Seorang responden perempuan yang berasal dari lapisan atas menunjukkan kemampuannya untuk mengontrol keputusan ekonomi rumah tangga dan ukuran
keluarga, memiliki kebebasan bergerak yang relatif tinggi dan pemahaman mengenai kesetaraan gender. Sementara seorang responden lain yang berasal dari
kelas yang sama memiliki otonomi dan kuasa yang rendah. Hal yang sama ditemukan pada responden-responden pada lapisan sosial yang lain.
Temuan ini berbeda dengan temuan Mason dan Smith 1999 dan Hull 1975. Mason dan Smith 1999 menemukan bahwa terdapat kecenderungan saat
norma komunitas menyarankan eksklusi perempuan maka, perempuan dari rumah tangga dengan latar belakang sosial ekonomi yang rendah akan memiliki relasi
gender yang lebih setara.
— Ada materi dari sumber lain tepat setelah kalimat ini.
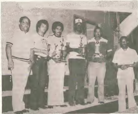
Ganadornan Deporte Intergubernamental
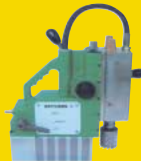
מקדחה מגנטית פניאומטית לאוירה נפיצה לקידוח קוטר עד 2-1/16" לעומק עד 2-1/16"
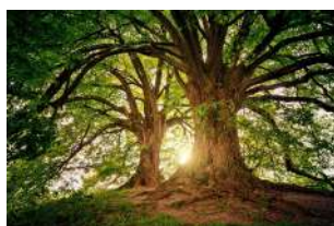
Libre de droit
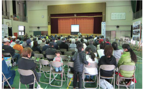
大勢のかたが講演を聴きに訪れました。
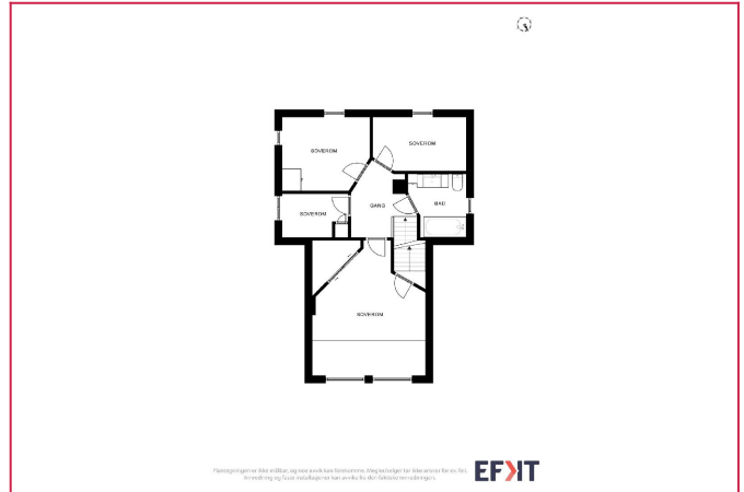
God og praktisk planløsning i 2.etasje.
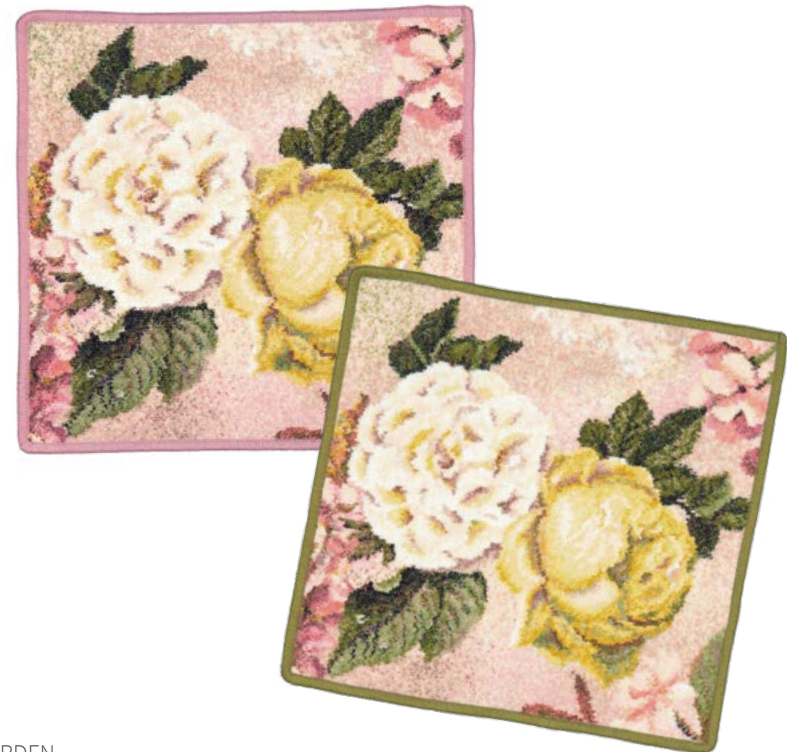
SECRET GARDEN Farben: altrosa, oliv colours: old rose, olive green
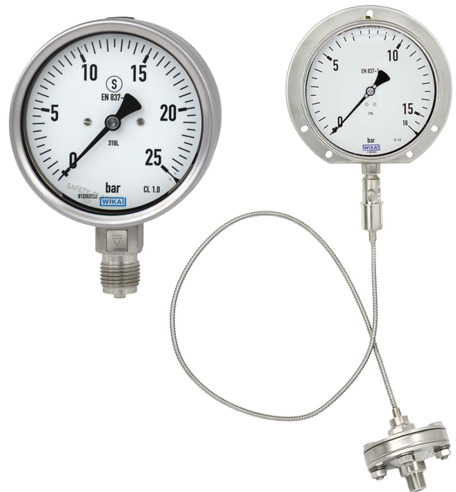
Fig. de gauche : intégré dans un manomètre
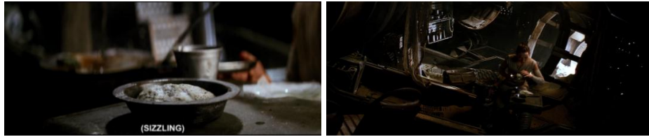
Gambar 4.16 Rey sedang menyiapkan makanannya sendiri

Rey digambarkan dalam adegan ini sebagai seseorang perempuan yang tinggal seorang diri di tempat tinggalnya. Dari gambar 4.16 ini dilihat dari level realitasnya, gerakan Rey saat menyiapkan roti yang mengembang dengan sendirinya, Rey kemudian mengaduk panci yang sudah terlebih dahulu matang dan menuangkan sup tersebut ke piring yang dipegangnya. Setelah itu terlihat Rey memakan makanannya seorang diri.
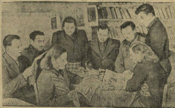
Didelį agitacinį darbą atlieka Troškūnų rajono Kazimiero Štaro vardo kolūkio klubas-skaitykla. Čia agitatoriai dažnai praveda pasikalbėjimus su rinkėjais. Klube-skaitykloje yra daug rinkiminės literatūros bei vaizdinės agitacijos priemonių. N u o t r a u k o j e: Troškūnų rajono Kazimiero Štaro vardo kolūkio klube-skaitykloje.
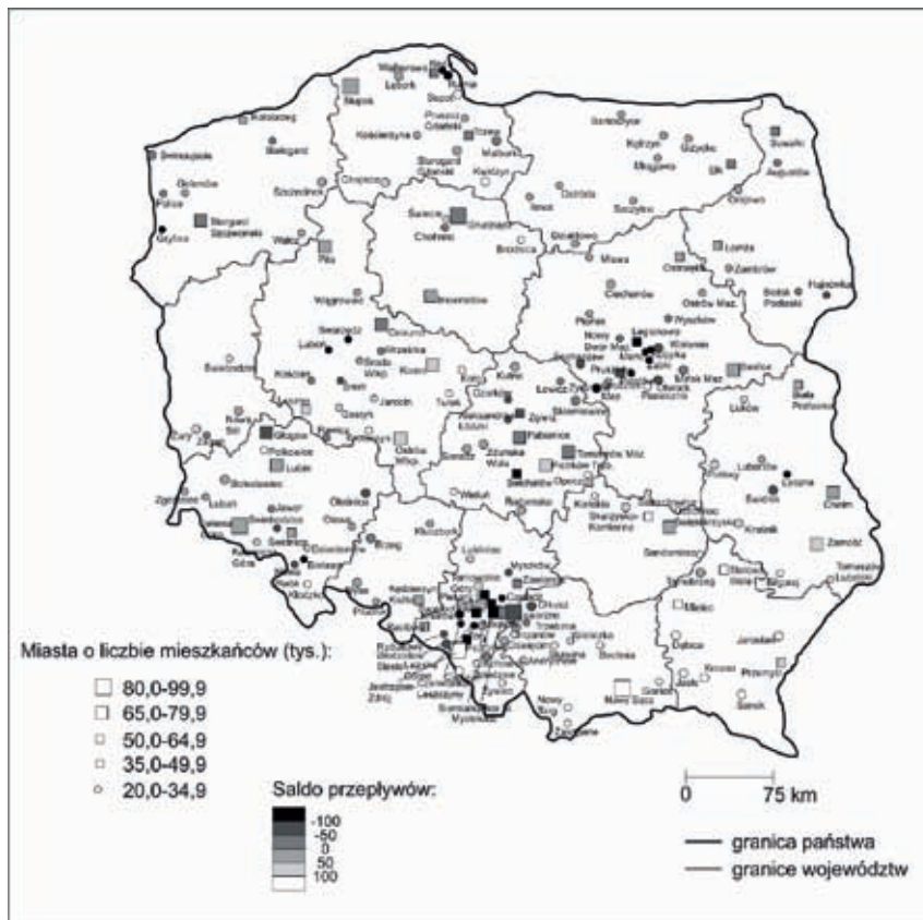
Ryc. 3. Saldo przepływów w zakresie dojazdów do pracy dla miast średniej wielkości w Polsce ( W_{sp} ) Źródło: Opracowanie własne na podstawie BDL GUS i wyników NSP 2011

Porównując wartości wskaźnika wyjazdów i przyjazdów otrzymano wskaźnik salda przepływów. Niespełna 40% miast średnich charakteryzowało się ujemnym saldem przepływów w zakresie dojazdów do pracy, czyli nadwyżką wyjeżdżających nad przyjeżdżającymi. Ogół miast średnich odznaczał się niskim dodatnim saldem wynoszącym 18,8. Wskaźnik salda przepływów wahał się od -180,7 dla Lubonia do 657,0 dla Polkowic. W grupie o najniższych wartościach wskaźnika dominują miasta województw śląskiego (9) i mazowieckiego (6). Natomiast wśród miast w najlepszym położeniu przeważają miasta województw południowych podkarpackiego (7) i małopolskiego (6). W znacznej mierze obraz wskaźnika salda przepływów w zakresie dojazdów do pracy jest zbieżny z obrazem wskaźnika wyjazdów. Miasta średnie w pobliżu dużych charakteryzują się ujemnym saldem. Bliskość tych ośrodków ma zasadniczy wpływ, gdyż są one bardziej atrakcyjnym rynkiem pracy niż miasta średnie (ryc. 3).
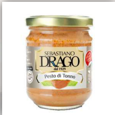
Pesto de thon 7€/180gr
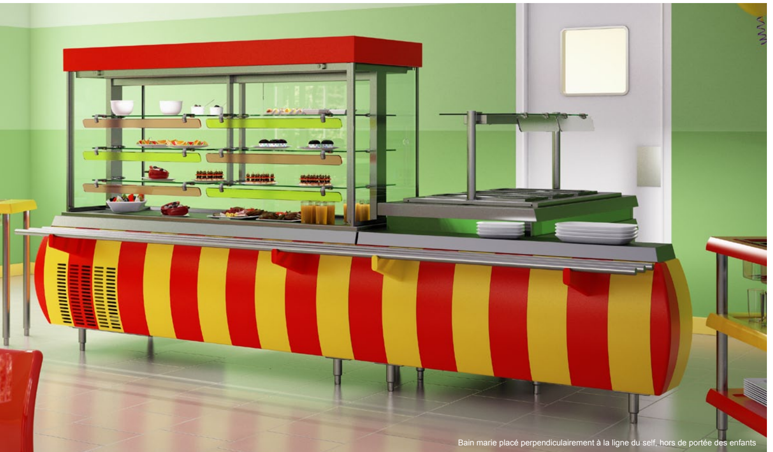
Bain marie placé perpendiculairement à la ligne du self, hors de portée des enfants
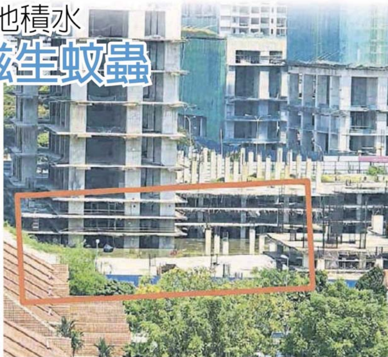
■ 工地积水让居民担忧滋生蚊虫。
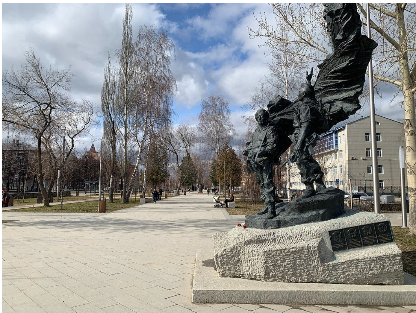
Памятник десанникам.
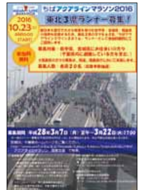
東北ランナーリーフレット
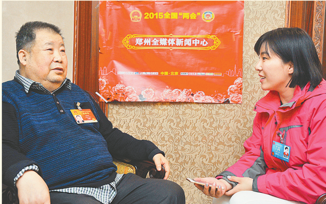
全国人大代表凌解放(二月河)接受郑州全媒体新闻中心两会记者专访。
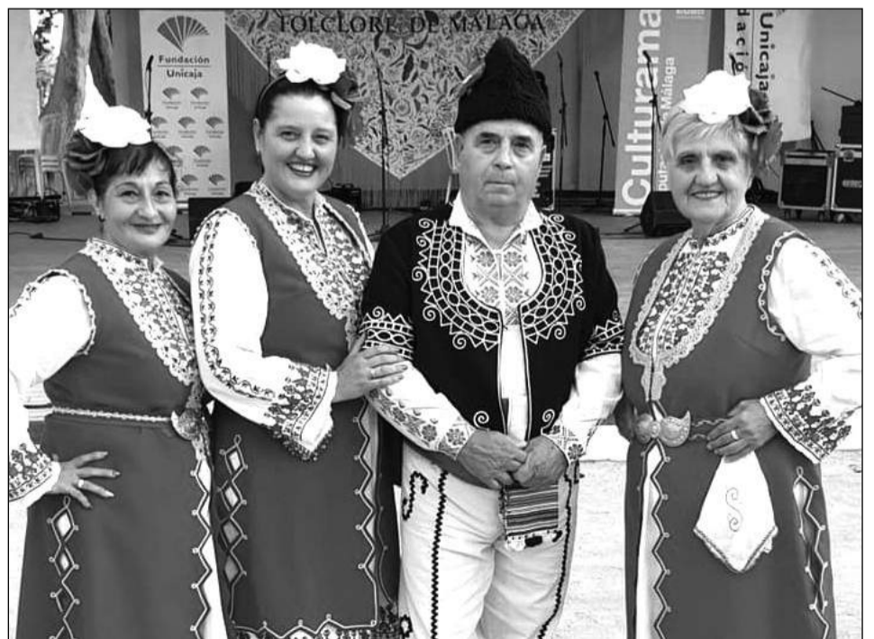
Los grupos internacionales lucieron sus vestuarios típicos.
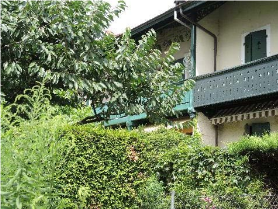
De-Maisonnette 27 et Anémones 4, façades sud-ouest, détail
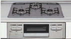
ホーロートップコンロ (60cm)
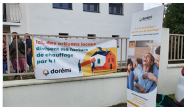
Des visites de chantiers avec Dorémi et Soliha.
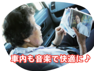
車内も音楽で快適に♪
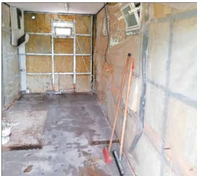
Entkernung des Sanitärcontainers
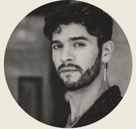
Producción y asistencia de dirección Ignacio Pérez Ulloa
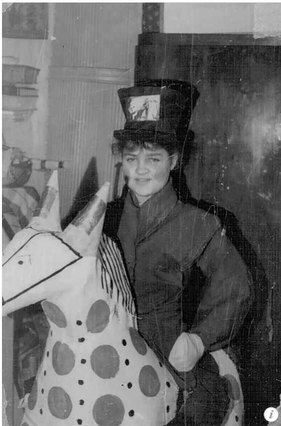
На праздники к Васнецовым было принято неистово наряжаться в маскарадные костюмы, например, дымковской игрушкой

У нас сохранился большой архив, хотя дед никогда не писал воспоминаний. За ним все рассказы потихоньку на всяких листочках записывала бабушка. Кстати, сначала она была женой Владимира Лебедева (именно его стараниями в качестве главы художественной редакции детского отдела Госиздата над иллюстрациями к книгам работали лучшие авторы страны, к которым относился и сам Лебедев, выдающийся художник и график. — Прим. ред.). Бабушка с дедушкой познакомились в культурной пивной. «Детгиз» располагался в Доме книги, там бабушка какое-то время работала машинисткой. Рядом на канале Грибоедова была пивная, куда ходили после зарплаты детские писатели и художники. Их познакомили общие друзья, дед был страшно робким. Есть смешная история, как Лебедев не принял какие-то рисунки Васнецова, а тот прибежал домой и сказал: «Галька, не будем жениться!» Но потом как-то нашли на что справить свадьбу.
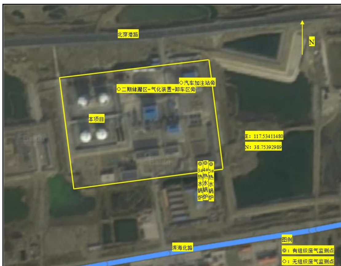
图7.2-1监测点位示意图
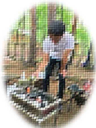
←バーナー持参。ついでに椅子も。準備万端！
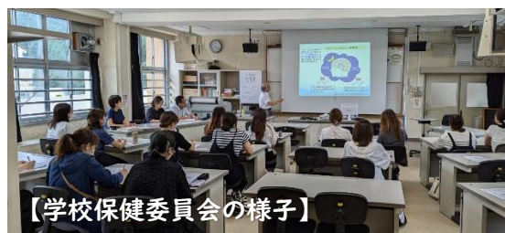
【学校保健委員会の様子】

学校保健委員会テーマ「寝る1時間前は、デジタル機器の電源OFF！」に取り組み、睡眠の質を高め、児童の健全な成長につなげていきましょう。
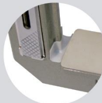
Ranura de recogida de cola
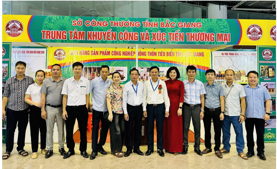
Lãnh đạo Sở Công Thương, Trung tâm khuyến công và xúc tiến thương mại tỉnh Bắc Giang chụp ảnh lưu niệm tại gian hàng

Tham gia Hội chợ, Trung tâm Khuyến công và Xúc tiến thương mại tỉnh Bắc Giang tổ chức 04 gian hàng trưng bày, bán các sản phẩm trái cây, nông sản đặc trưng, chủ lực, sản phẩm OCOP của tỉnh như: Vải thiều sấy khô, nước vải đóng lon, giấm vải thiều, mỳ gạo Chũ, đông trùng hạ thảo, sâm nam núi dành... Góp phần đẩy mạnh công tác quảng bá, giới thiệu các sản phẩm nông sản, trái cây; tạo cơ hội gặp gỡ, kết nối giữa các doanh nghiệp, hợp tác xã của tỉnh nhà với
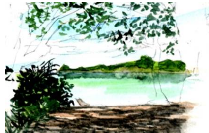
4、砂浜の「木れ日」を表現します まだ樹木の幹は描きません
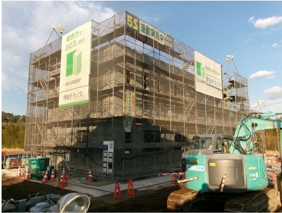
敷地 南西より撮影【令和8年1月上旬】
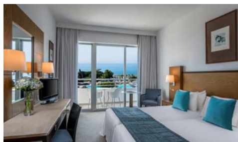
Beispiel – Zimmer mit Meerblick
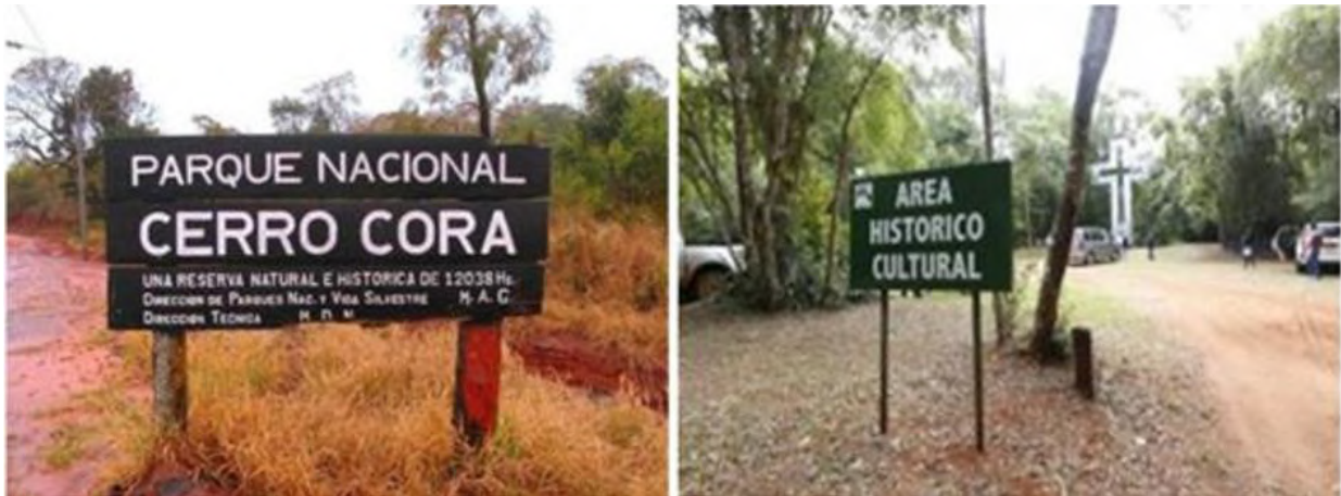
Figura 3. Parque Nacional do Cerro Corá.

Sementara jika norma komunitas menyarankan inklusi perempuan, maka perempuan dari rumah tangga dengan latar belakang sosial
ekonomi yang rendah akan memiliki relasi gender yang lebih timpang. Hal yang
116
sama ditemukan oleh Hull 1975 yang menemukan bahwa di sebuah desa di Jawa dengan budaya patriarki, perempuan-perempuan yang berasal dari kelas bawah
memiliki otonomi dan kuasa yang lebih besar dibandingkan perempuan yang berasal dari kelas menengah ke atas.